The above film may have been filmed on a 5D2 but I bet they used camera support for much larger productions to achieve steady shots, back then there were no prosumer level grip for amateur videographers, but with today’s new bread of cheap gimbals and drones, we can now achieve these cinematic effects for a tenth of the price.
Soon after Laforet’s film had been released Hollywood started using the 5D2 in some of its high budget productions, for example, the sixth season finale of House, M.D.
Since then most DSLRs have video capability and the boundaries are forever being pushed forward we now have 4K video on smartphones and in the not too distant future, we will have 8K (7680 x 4320 pixels) quality video on our DSLR cameras.
I believe we will eventually see the death of photography as we know it, instead of shooting individual images we will capture 30 plus actuation’s a second continuously and then choose the exact image we require for a still, sports events such as the Olympics will be the first to use such a technique, some of the fastest firing DSLRs are already capable of 10+ frames per second continuous shooting, in a few years time this will surely expand to 30+ then you will have full motion video and individual stills for print media etc.

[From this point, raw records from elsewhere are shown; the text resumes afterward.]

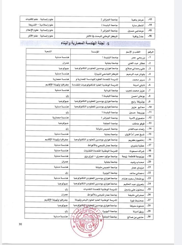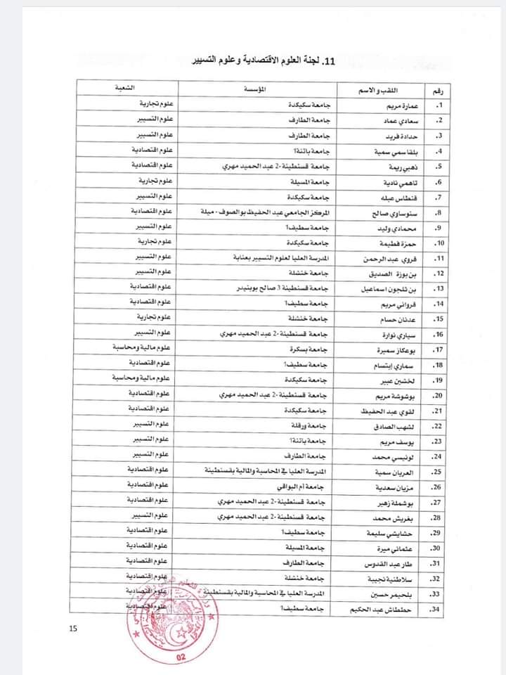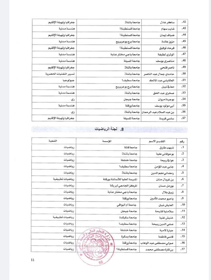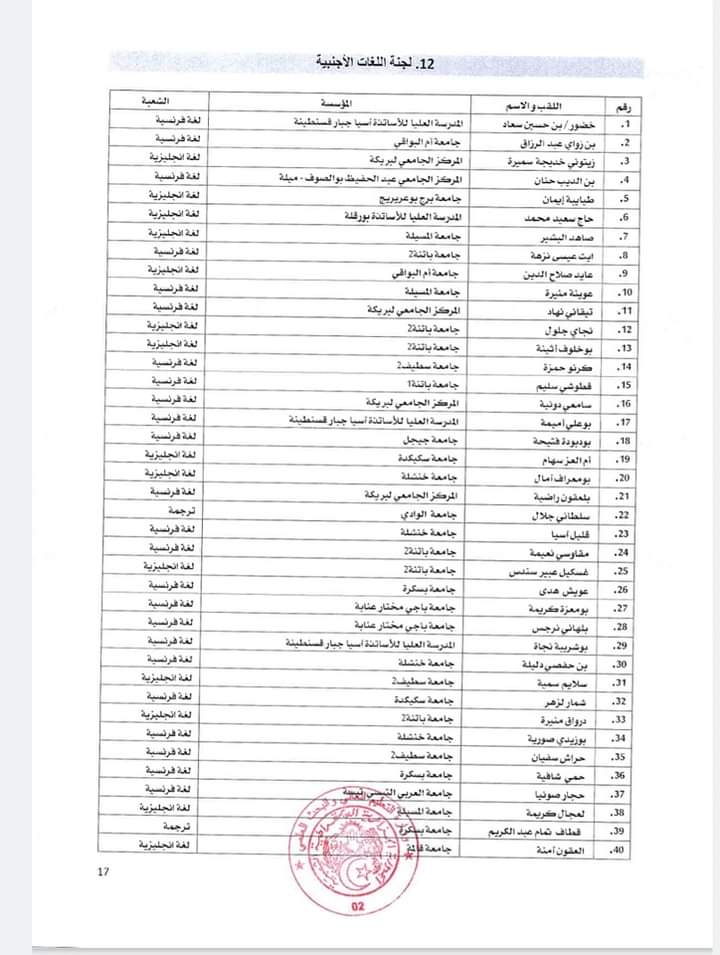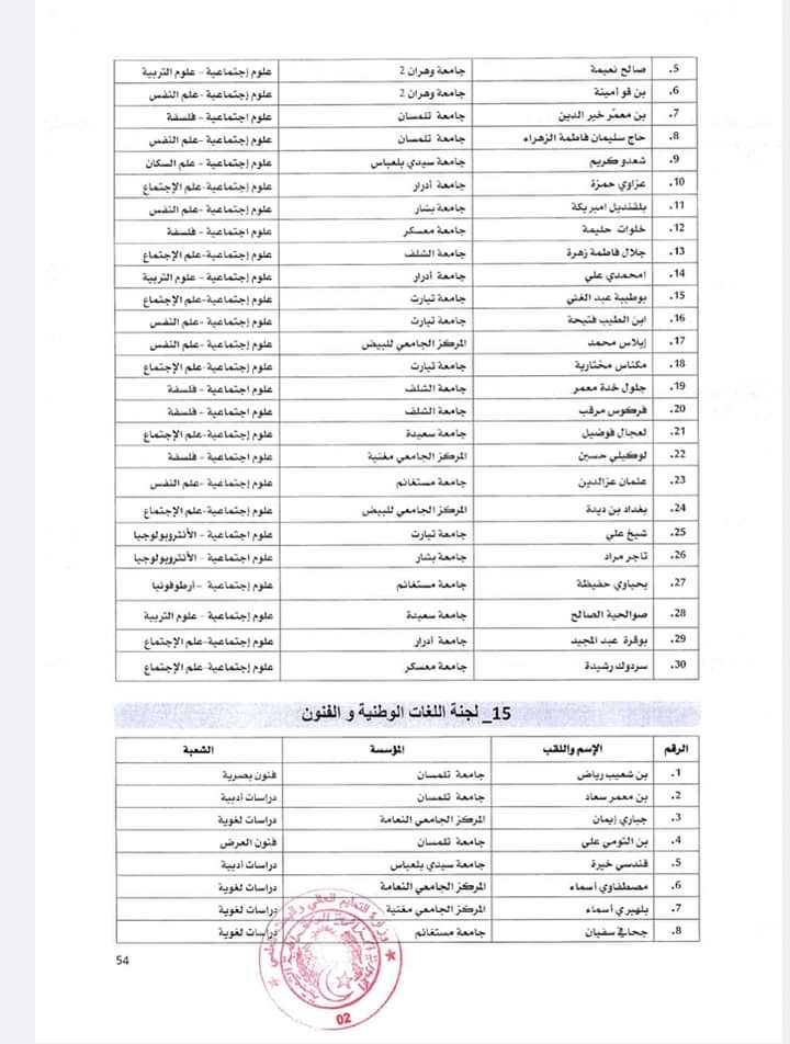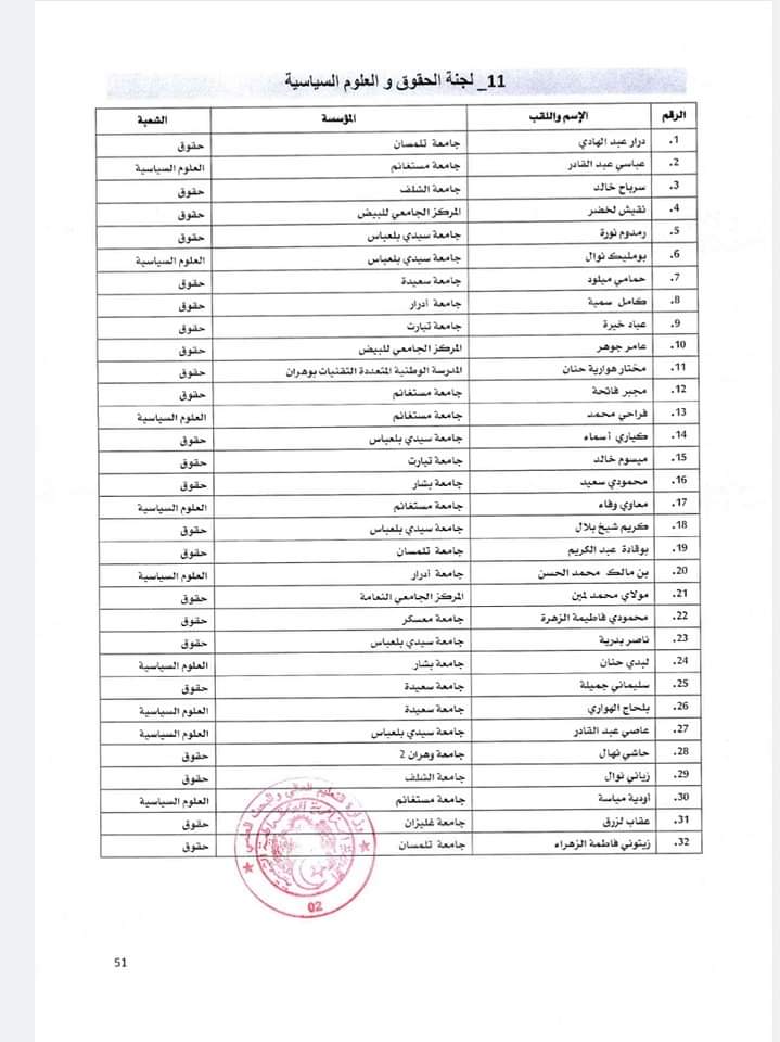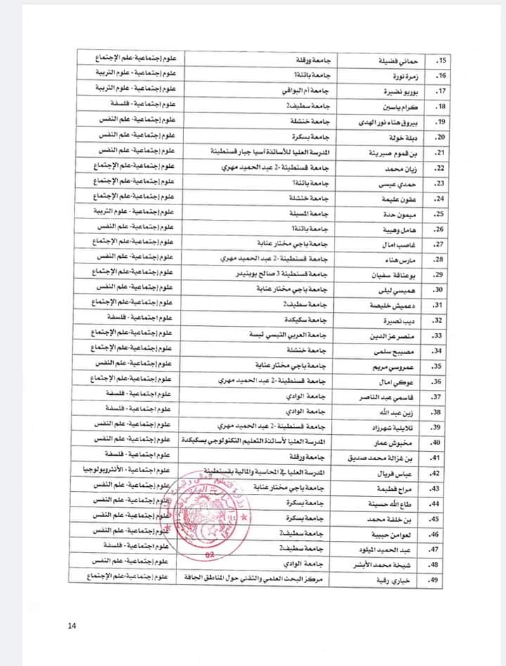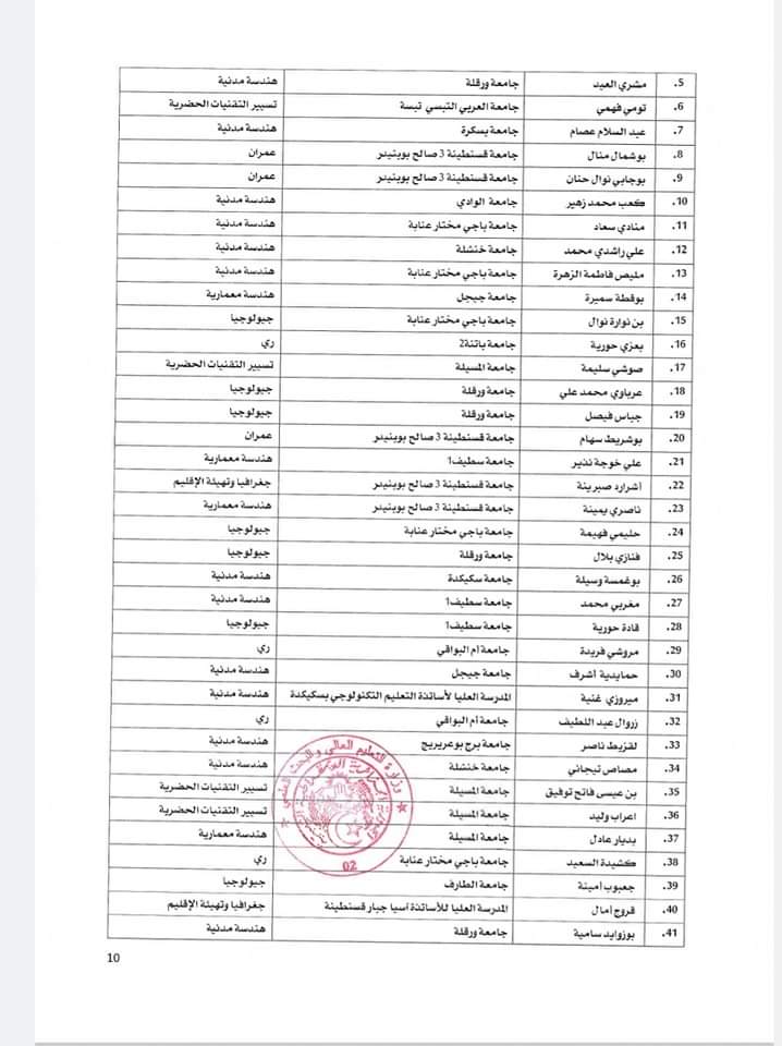 ويعتبر الأساتذة المحاضرون قسم “ب” المبينة ألقابهم وأسمائهم في القائمة، مؤهلين حسب الترتيب الاستحقاقي. للحصول على التأهيل الجامعي والترقية إلى رتبتي أستاذ محاضر قسم “أ”، وأستاذ بحث قسم “أ”.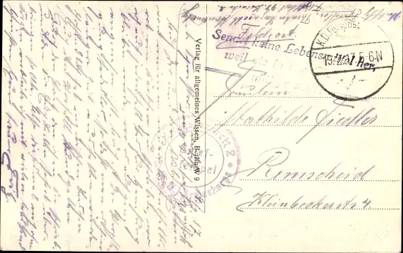 Zustand, siehe Scan, gelaufen, 1917 - ca 14 cm X 9 cm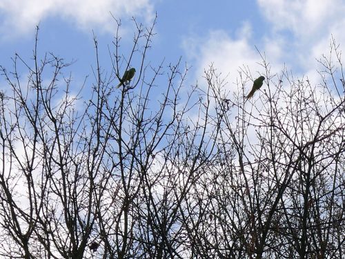 Wie immer begleiten uns die grünen kreischenden Halsbandsittiche.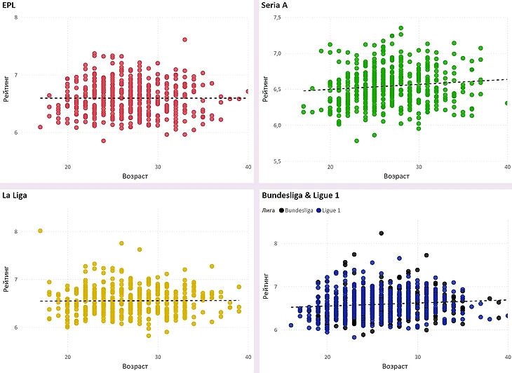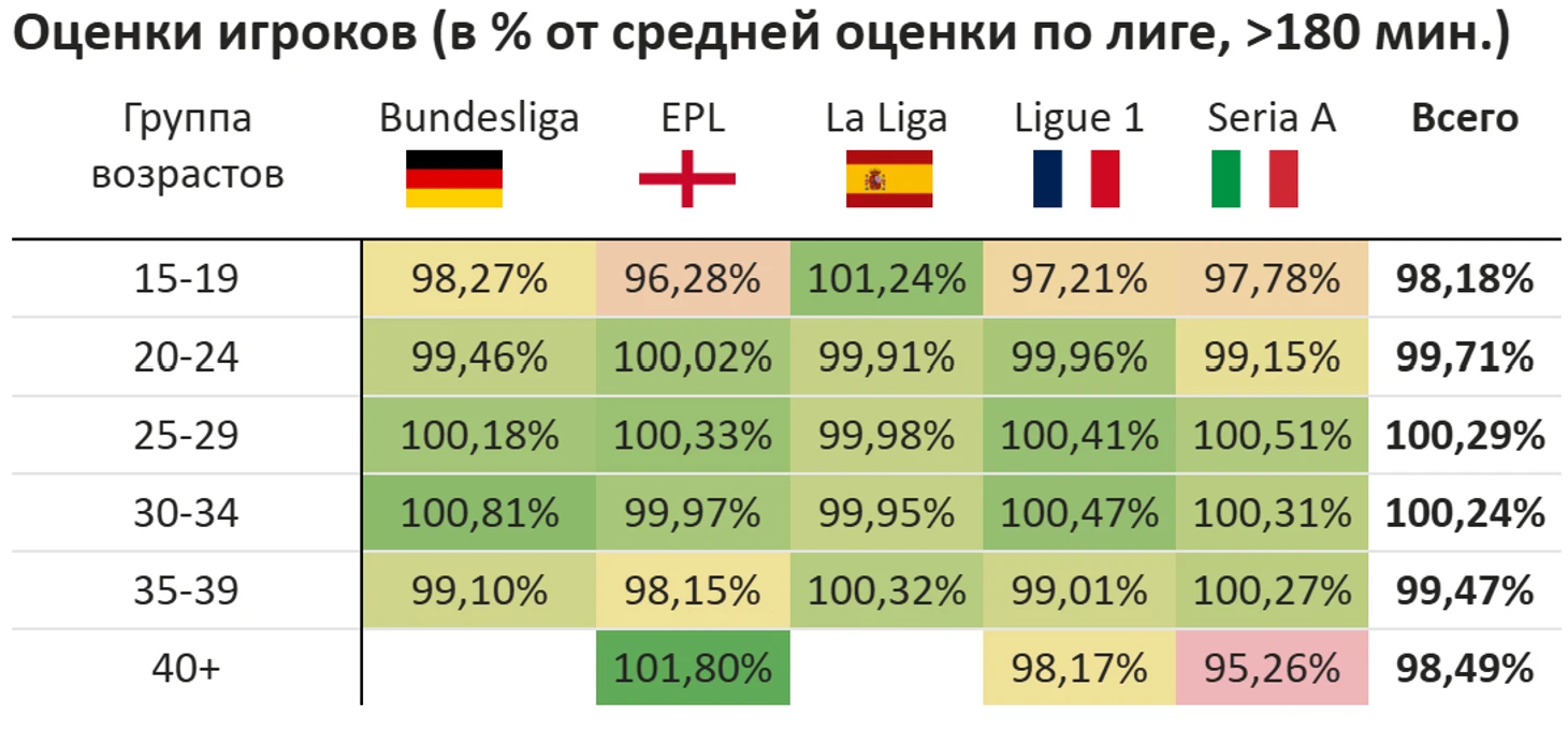 Среди молодых людей в возрасте до 19 лет наивысшие оценки в Ла Лиге – выше средних по лиге на 1.24%, большой вклад внес Ламин Ямаль с феноменальным рейтингом 8.01, это лучший результат среди всех игроков до 24 лет. У игроков до 19 лет худшие оценки в АПЛ – ниже средних по лиге на 3.72%. В возрасте от 20 до 24 лет лучшие оценки в АПЛ – на среднем уровне лиги. В Серии А худшие оценки у игроков в возрасте от 20 до 24 лет. В среднем по всем топ-5 лигам наивысшие оценки в возрасте от 25 до 29 лет, у относительно молодых (20-24) оценки лучше чем у относительно «старых» (35-39): 99.71% vs 99.47% от средних значений по всем лигам. У игроков с 35 до 39 лет лучшие оценки в Ла Лиге, также выше средних по лиге оценки у ветеранов в Серии А. Лучшая оценка среди игроков 35+ у представителя Ла Лиги – Роберт Левандовски с рейтингом 7.27, следом за ним как раз идут представители Серии А – Франческо Ачерби (6.91), Милан Джурич (6.91), Матс Хуммельс (6.89).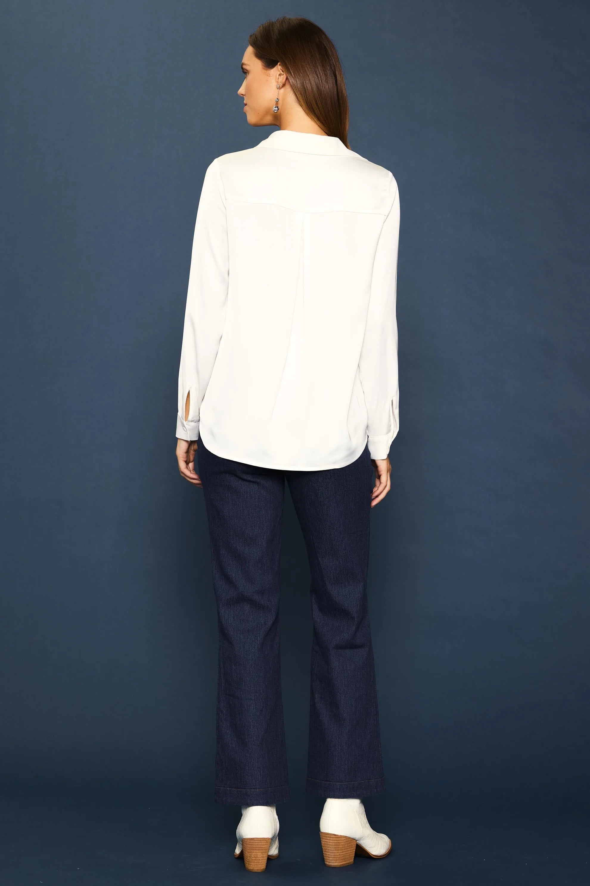 This versatile button-up shirt is a wardrobe essential you'll turn to year-round. Crafted from eco-friendly recycled materials, it combines effortless style with sustainability. Featuring a relaxed fit and an open neckline, it’s easy to dress up or down—whether tucked into jeans, paired with tailored trousers, or styled with a skirt, it’s a perfect match for any occasion.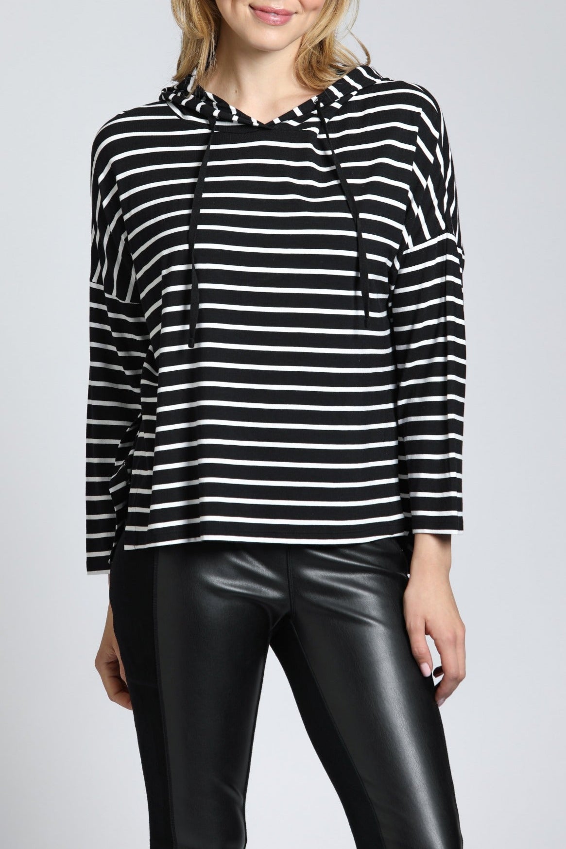 The Side Slit Hoodie will keep one warm in style. Made from viscose & spandex, this sweatshirt allows for a relaxed cut with extra room for comfort due to side slits. The black and white striped design will help you pull off that chill weekend vibe or a weekday grocery run. Its soft fabric and minimalistic approach make this an excellent option for layering. A must-have casual hoodie for your joggers or jeans.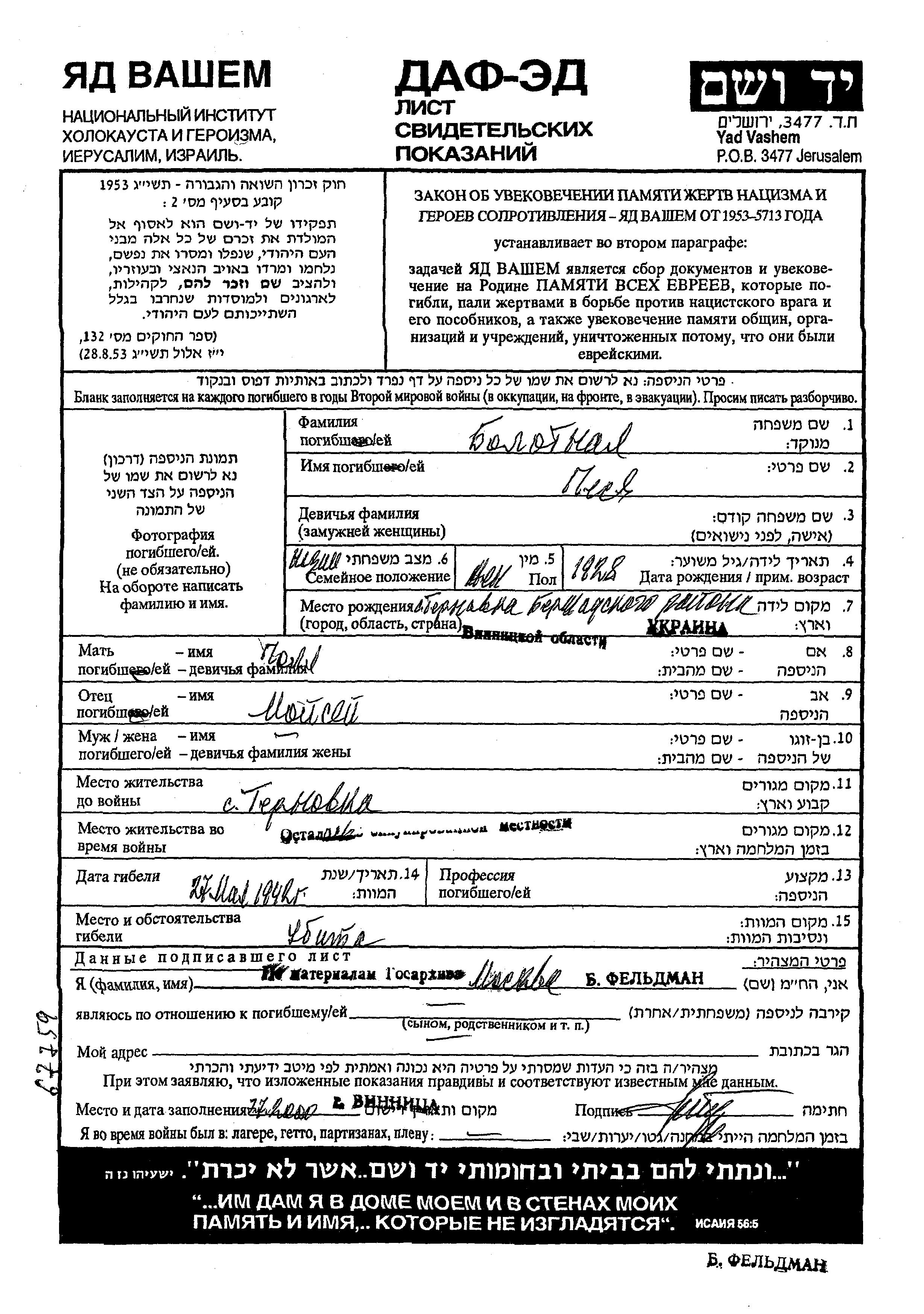 Yad Vashem - Pages of Testimony Names Memorial Collection

Reading back through this page I realise I have made a lot of promises and set myself up for quite a bit of work over the next couple of months, but then I am here to stretch myself and to see where I can go with it, What I like about this project is I do not have to rely on anyone else but my self to get the tasks done, the only uncontrollable factor is the weather as I think most of this work will be exterior based, as I feel that the demonstrations of the various bits ok kit will require some room, time and working out.
If the weather should be against me then I will have to resort to indoor studio based work which is achievable with most of the tools other than the drone.
I have yet to clearly formulate in my own mind how I will present each item and I foresee me performing a few initial test runs before I find a formula that works for me.
I am looking forward to the challenge and I hope that I can produce a body of work that is interesting, entertaining and informative.